#### TASK TO CARRY OUT
Please retype the data below line for line and leave out every picture.

[Saved entries]
====
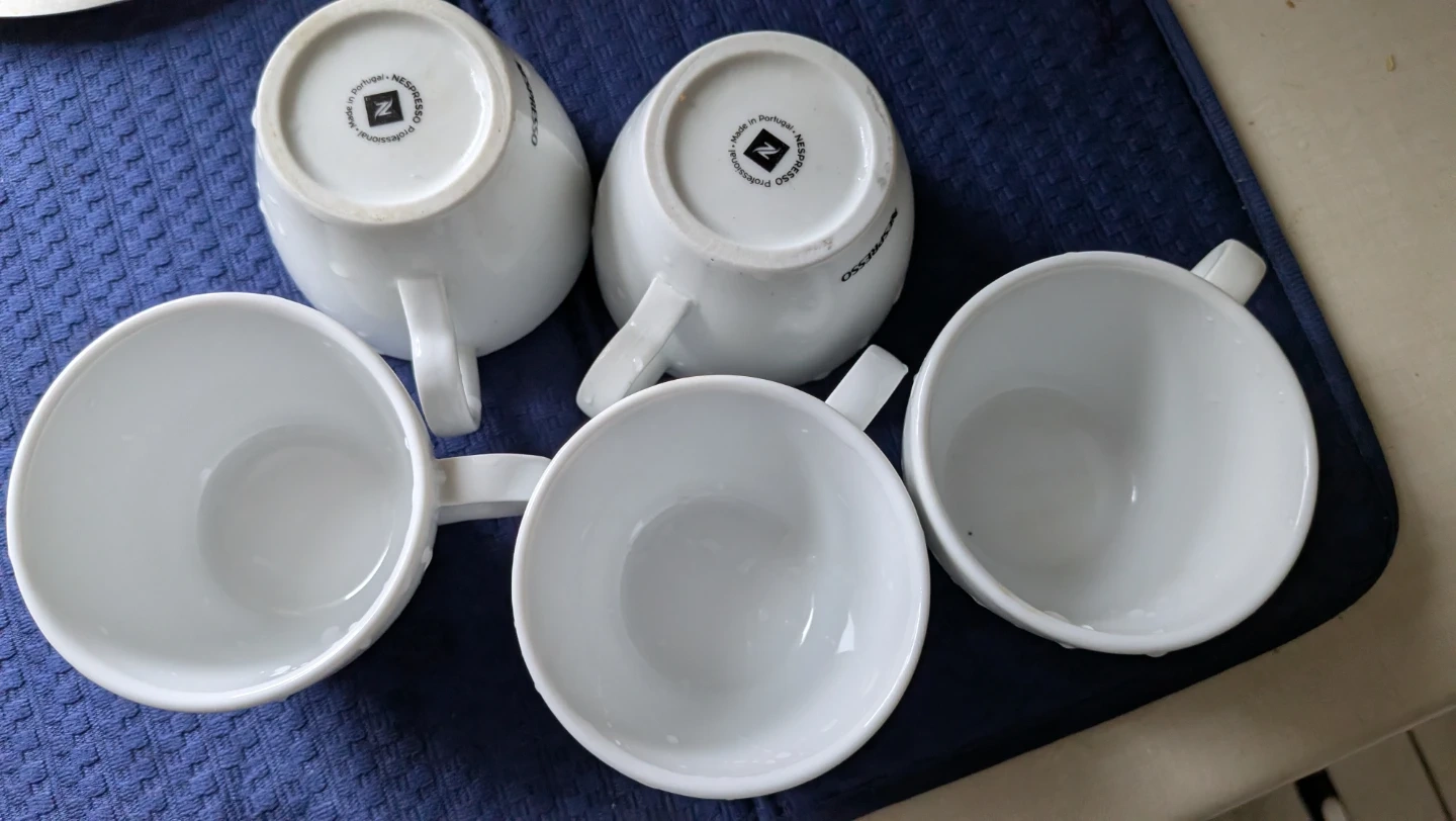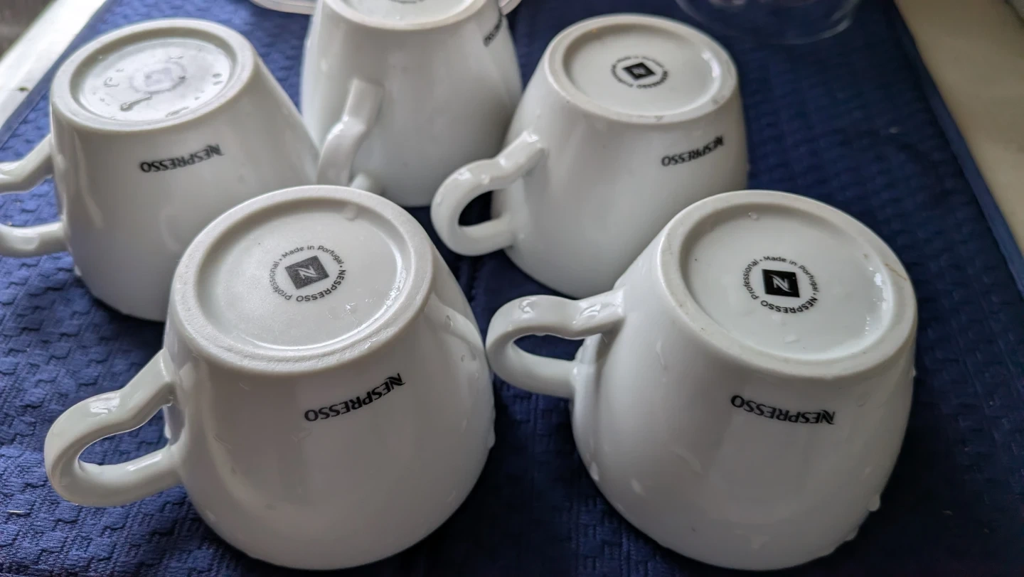 Set of five Nespresso espresso cups. These white ceramic cups are perfect for enjoying your morning espresso. Made in Portugal.
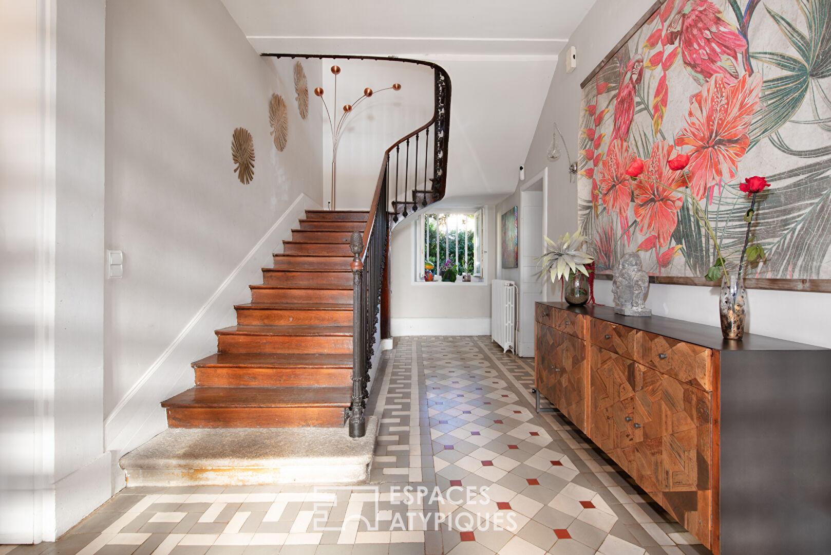 La porte s’ouvre sur un hall majestueux aux carreaux de ciment d’origine menant à un superbe escalier en bois.
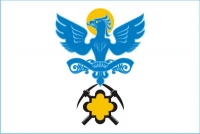 ![]() Полотнище с соотношением сторон 2:3 белого цвета, по центру которого помещено изображение фигур городского герба (орел со свитком и камень на скрещенных кирках), выполненное синим, черным и желтым цветами.
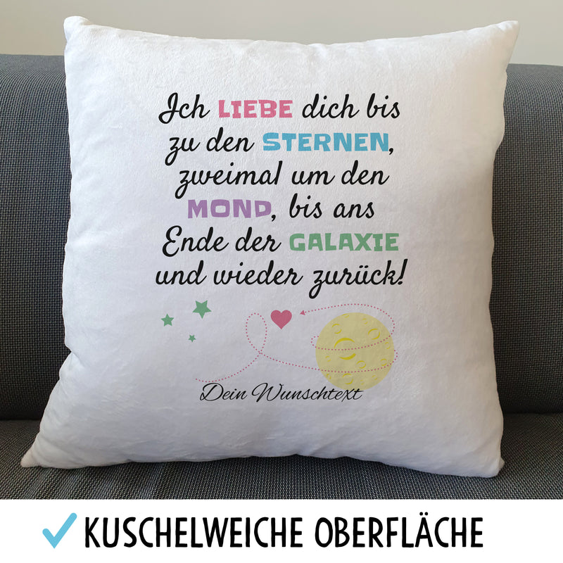 Liebe um den Mond Flauschiges Kissen mit Liebesbotschaft Personalisiert mit Namen Geschenke Geschenkideen für Liebespaare zum Geburtstag Zierkissen mit Füllung
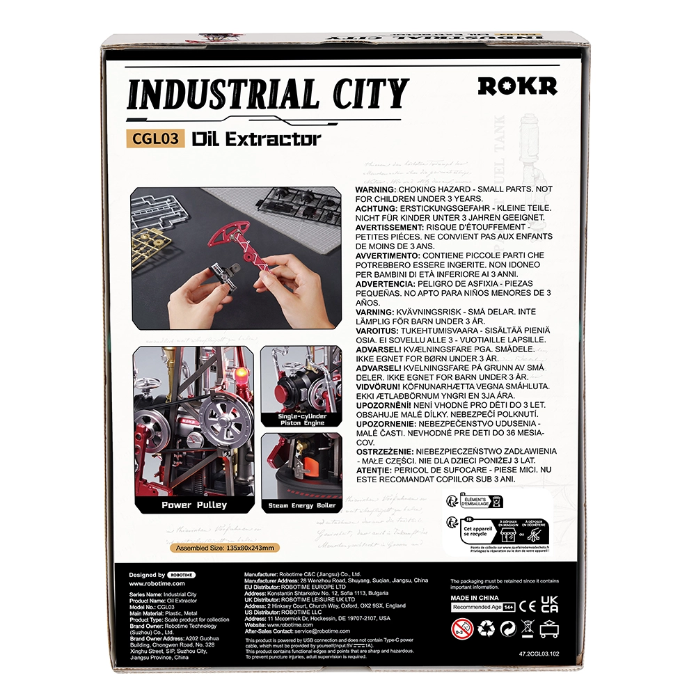 Het model maakt deel uit van de Industrial City-serie en wordt na montage een in het oog springende bewegende decoratie en een leermiddel voor mechanica. Dankzij de gemiddelde moeilijkheidsgraad spreekt het zowel beginners als gevorderde bouwers aan. Voeding via USB zorgt voor een stabiele werking zonder zorgen over batterijen.
====
#### SOLUTION TO THIS EXERCISE
 Set of five Nespresso espresso cups. These white ceramic cups are perfect for enjoying your morning espresso. Made in Portugal.
 La porte s’ouvre sur un hall majestueux aux carreaux de ciment d’origine menant à un superbe escalier en bois.
 ![]() Полотнище с соотношением сторон 2:3 белого цвета, по центру которого помещено изображение фигур городского герба (орел со свитком и камень на скрещенных кирках), выполненное синим, черным и желтым цветами.
 Liebe um den Mond Flauschiges Kissen mit Liebesbotschaft Personalisiert mit Namen Geschenke Geschenkideen für Liebespaare zum Geburtstag Zierkissen mit Füllung
 Het model maakt deel uit van de Industrial City-serie en wordt na montage een in het oog springende bewegende decoratie en een leermiddel voor mechanica. Dankzij de gemiddelde moeilijkheidsgraad spreekt het zowel beginners als gevorderde bouwers aan. Voeding via USB zorgt voor een stabiele werking zonder zorgen over batterijen.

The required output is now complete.